Battle over Laurel Canyon road takes new turn at L.A. City Council

Battle over Laurel Canyon road takes new turn at L.A. City Council
A Bulwer Drive home is seen in June 2006. (Gary Friedman / Los Angeles Times)

The battle over the future of a Laurel Canyon road took another twist Friday, when city lawmakers backtracked on an earlier decision that had stymied plans to pave it.

In September, the Board of Public Works voted to allow paving and other improvements on Bulwer Road -- a dirt roadway that has become a serious battleground for neighbors worried about future development on the mountainous stretch between Cahuenga Pass and Topanga Canyon.

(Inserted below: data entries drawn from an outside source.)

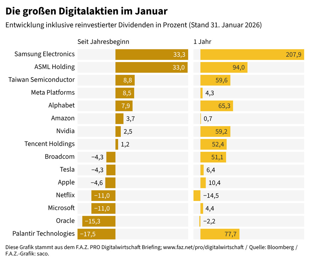 . Das Softwareunternehmen, dessen wichtigster Kunde die US-Regierung ist, hat im vierten Quartal seinen Umsatz um 70 Prozent auf 1,41 Milliarden Dollar gesteigert. Kritik erntet Palantir aktuell wegen der Kooperation mit der Einwanderungsbehörde ICE.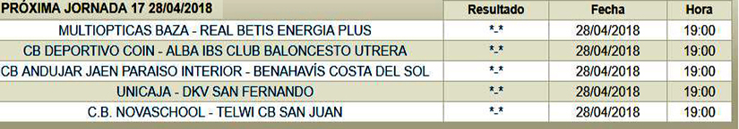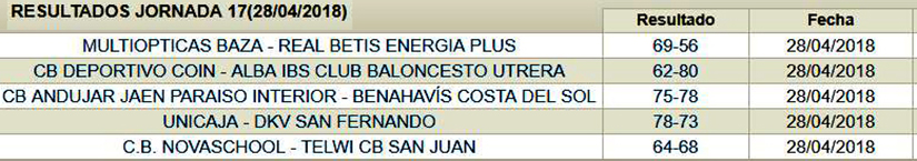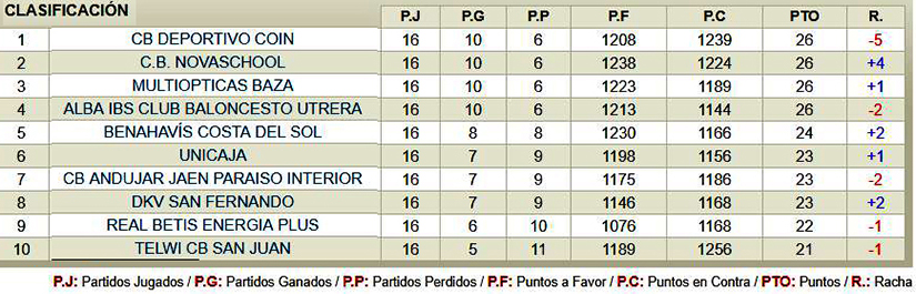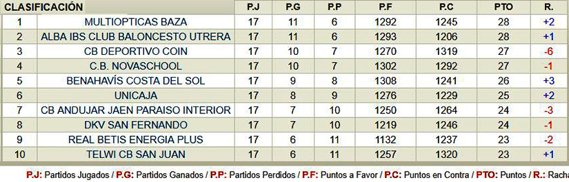 Multiópticas Baza: David (12), Alberto Pérez (8), Sergio Valdeolmillos (12), Marcos Vigo (10), Jorge Rodríguez (16), Javier del Estal (0), Alberto Moya (6), José Antonio García (0), Sergio Álvarez (0) Pablo Lupiáñez (0) Manuel Mesa (5)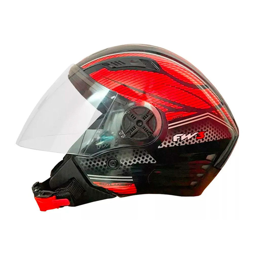 Capacete Aberto X Open Preto Com Vermelho Rosa Ou Azul FW3 Diversos Tamanhos E Viseira Transparente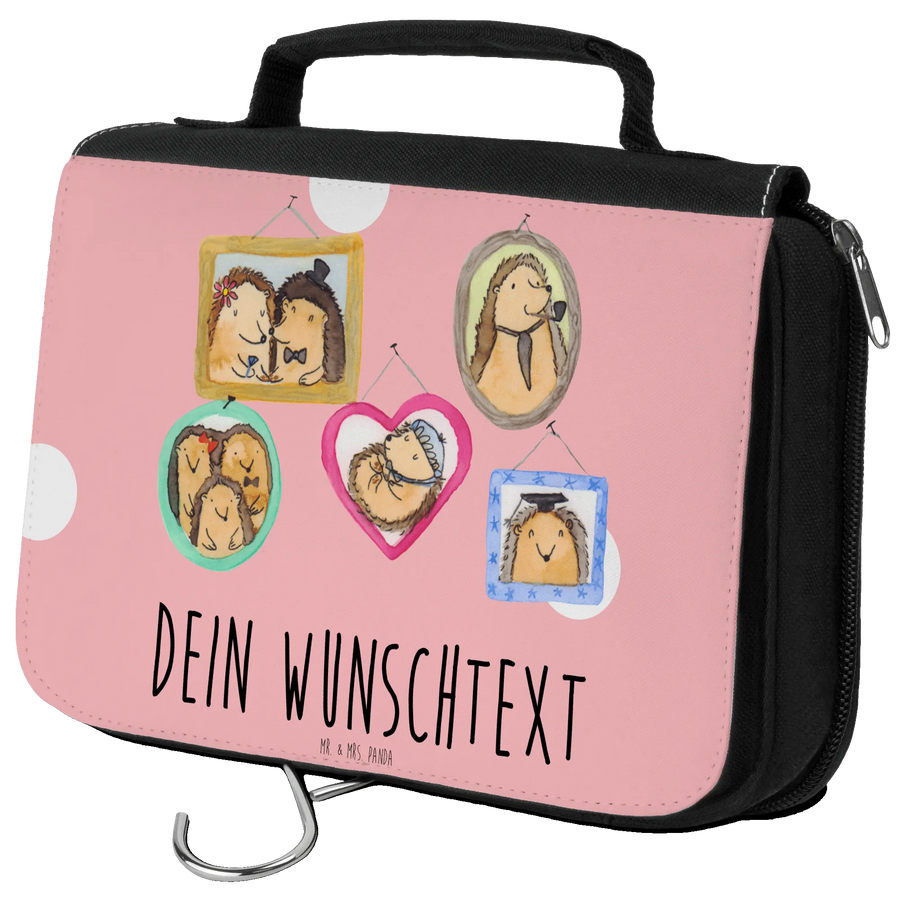 Personalisierter Kulturbeutel Igel Familie - Rot Pastell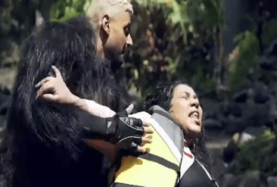 تظهر بعد ذلك “غوريلا مُفترسة” من بين الأشجار والأدغال، بصورة غير متوقعة أﻣﺎم الضيف، بعد ما يظن أنه قد نجا، ما يُزيد من فزعه وخوفه.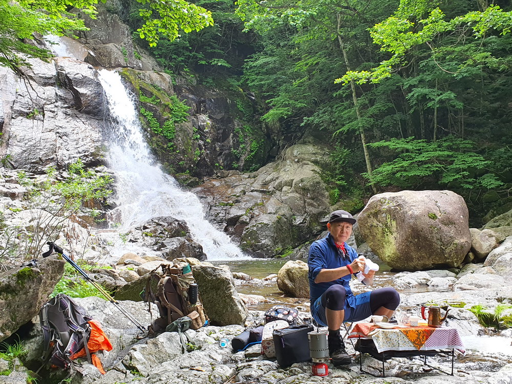 ▼ 천령폭포 아래에서 느~긋하게 점심 & 커피 시간을 갖는다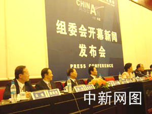 2003年中國昆明出口商品交易會(簡稱:“昆交會”)組委會舉行新聞發布會,宣布昆交會將如期于明天上午開幕。中新社記者 張明 攝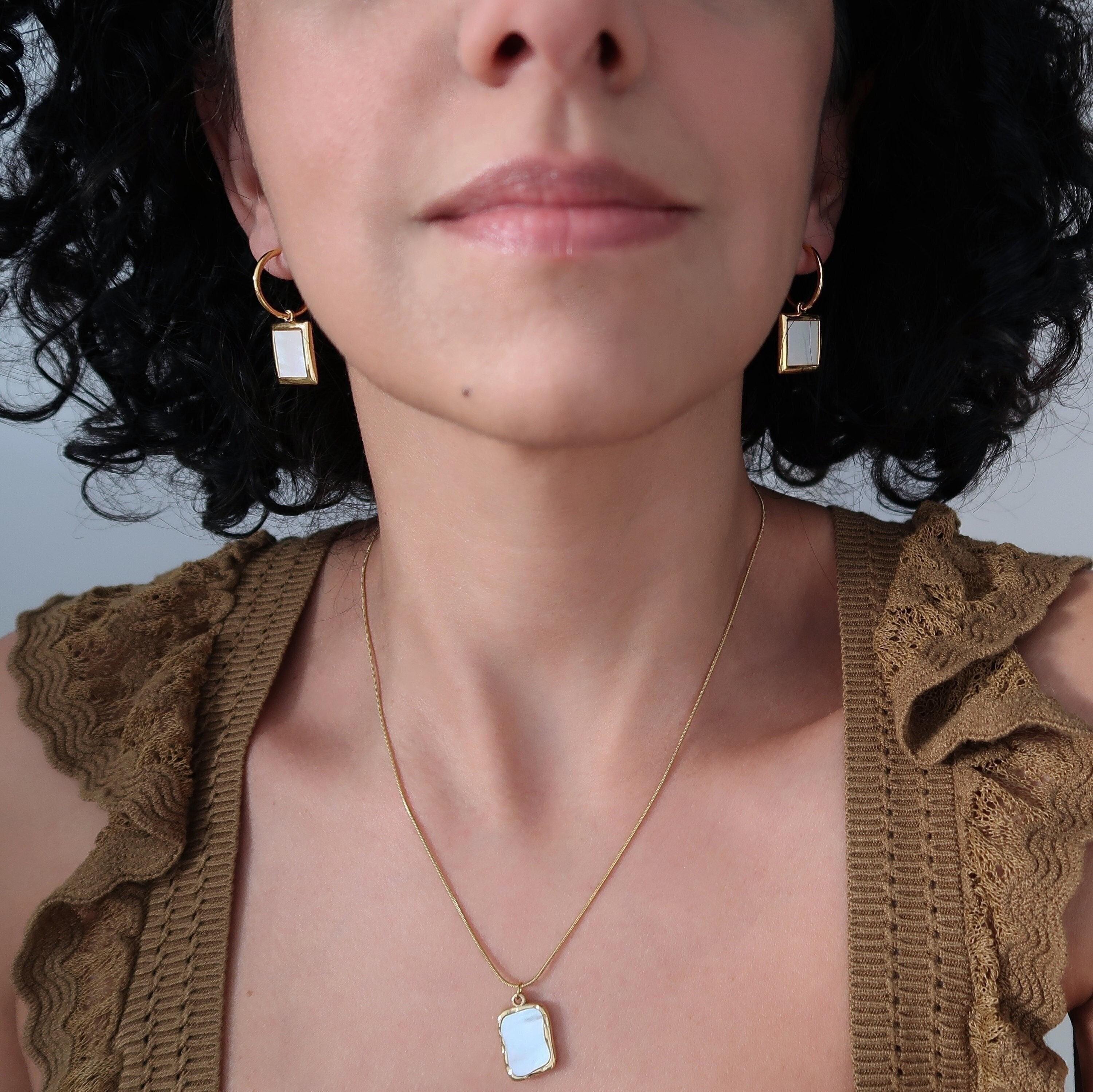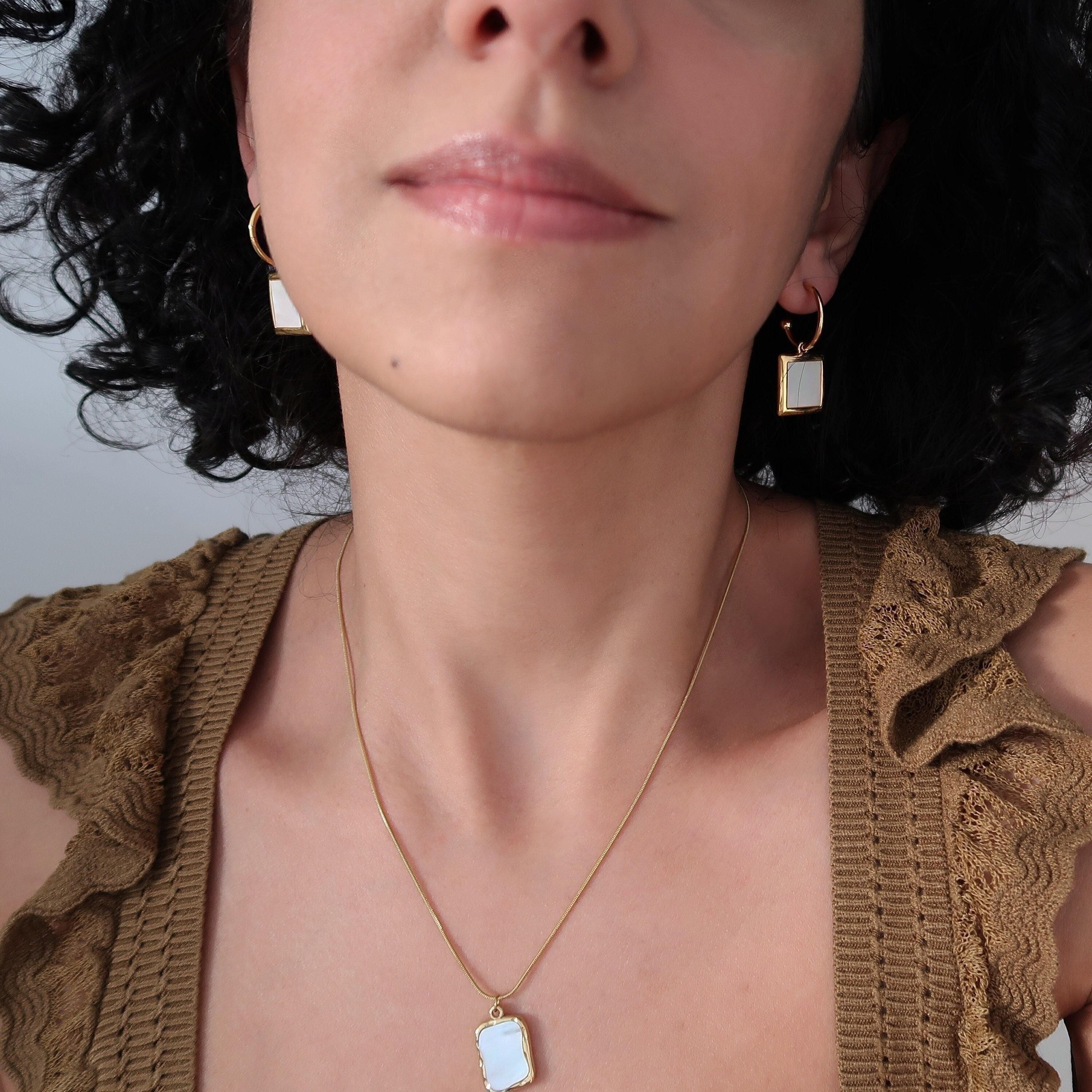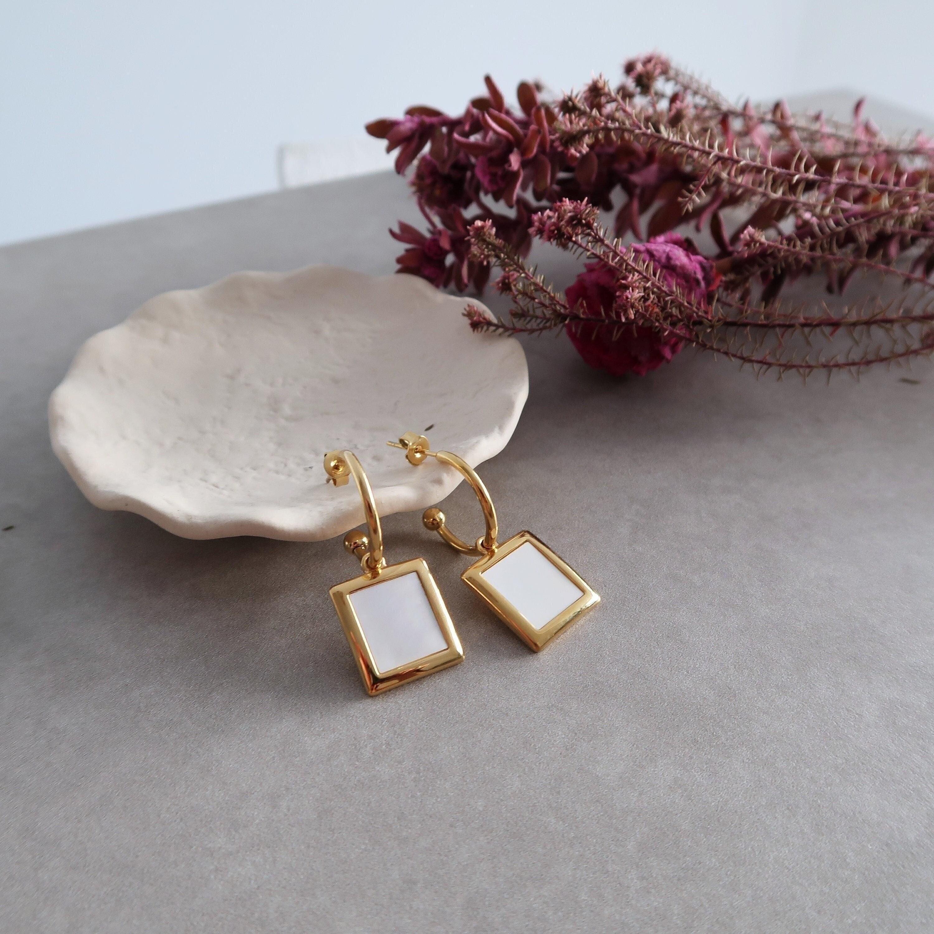 Elevate your look with these exquisite gold and white enamel square hoop earrings. Whether worn alone for elegance or stacked with multiple piercings for a modern touch, these medium-sized earrings are effortless and comfortable to wear. They pair perfectly with our matching ring and necklace in our exclusive collection.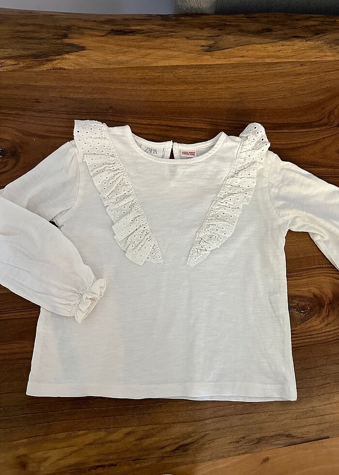 Beyaz dantel güpür fırfırlı bluz tshirt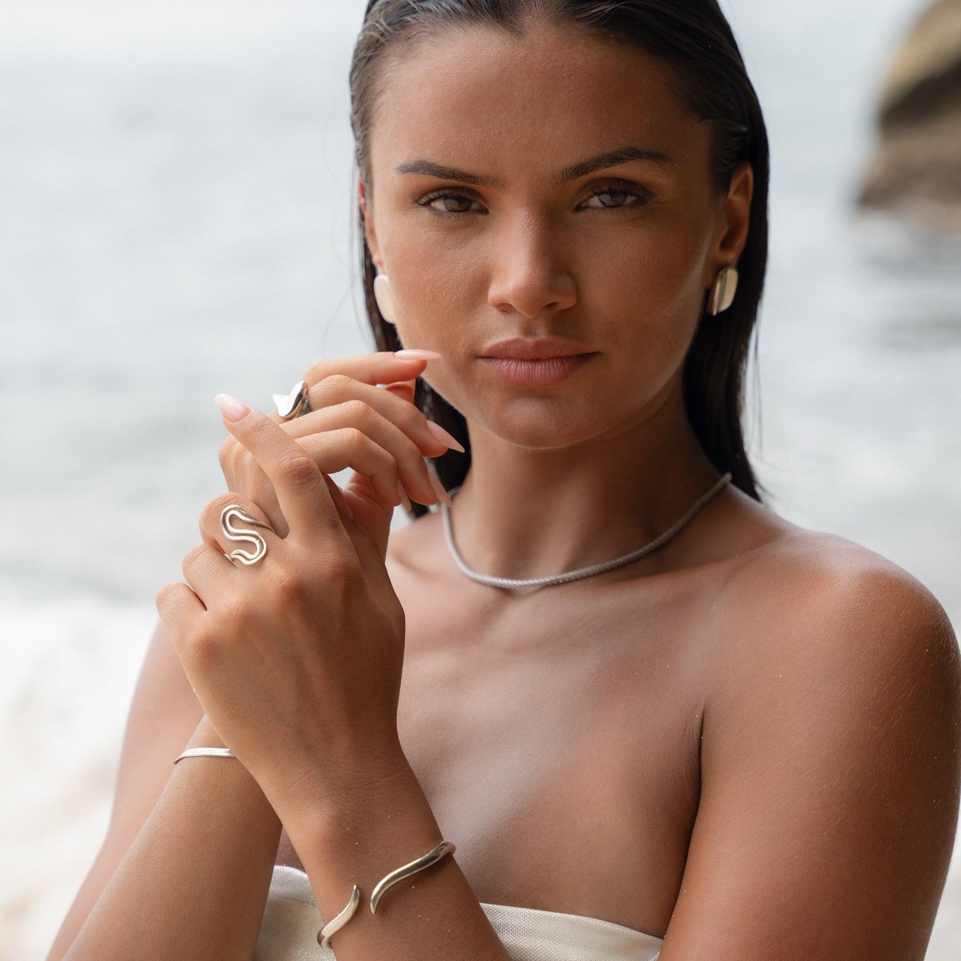 Descubre los pendientes Tidal Gleam, con una silueta geométrica similar a un espejo y un acabado muy brillante. Fabricados en latón chapado en oro o plata de primera calidad, recuerdan el reflejo de la luz de la luna sobre las olas, lo que los convierte en el complemento perfecto para realzar cualquier conjunto.

The area has long been a sore spot for residents: Bulwer had been the site of two homes that were left unfinished for decades, making them a magnet for graffiti, squatters and parties.

The two homes were finally completed five years ago after a new developer took over the project. Nearby residents have been wary of any added development along the top of Laurel Canyon, insisting that an environmental study needs to be done to assess how more construction would affect the scenic area.

The company that owns the homes, Bulwer Drive LLC, recently sought permission to pave the road at its own expense, saying it was unable to sell the houses because of "the untenable conditions of the roadway," according to a city report. City engineering officials stated that the existing roadway was hazardous, pointing to erosion problems during heavy rains in the past.

Engineering officials said the changes did not require an environmental report. Neighbors argued that the road should not be paved without requiring such a study, citing concerns about how excavating before paving might affect winter landslides on the hillside.

Some also questioned whether the ultimate goal of paving the road was to help sell the two existing homes, as a city report stated, or to smooth the way for future development.

"I call it the road to development," said Fred Karger, one of the nearby residents who opposed paving the road. "It's a foot in the door."

However, Public Works commission President Kevin James pointed out that a fire department official had publicly testified that the department would require a wider road than commissioners were being asked to approve if any additional development was pursued.

The law firm representing the developer, Jeffer Mangels Butler & Mitchell, did not immediately respond to a request for comment Friday morning.

After neighbors raised their concerns, Councilman Tom LaBonge sought to overturn the decision allowing the road to be paved, saying it faced "unresolved issues." Under the City Charter, the council has the power to overtake commission decisions -- a power it uses sparingly.

The council sided with LaBonge, voting in late September to veto the Public Works decision. Last month, however, the city got a "written threat of litigation" over the council vote, according to a brief memo to L.A. lawmakers from City Atty. Mike Feuer.

Feuer spokesman Rob Wilcox said the office could not comment further on the legal threat. On Friday, the council voted 10 to 0 to reverse its September decision and let the paving occur.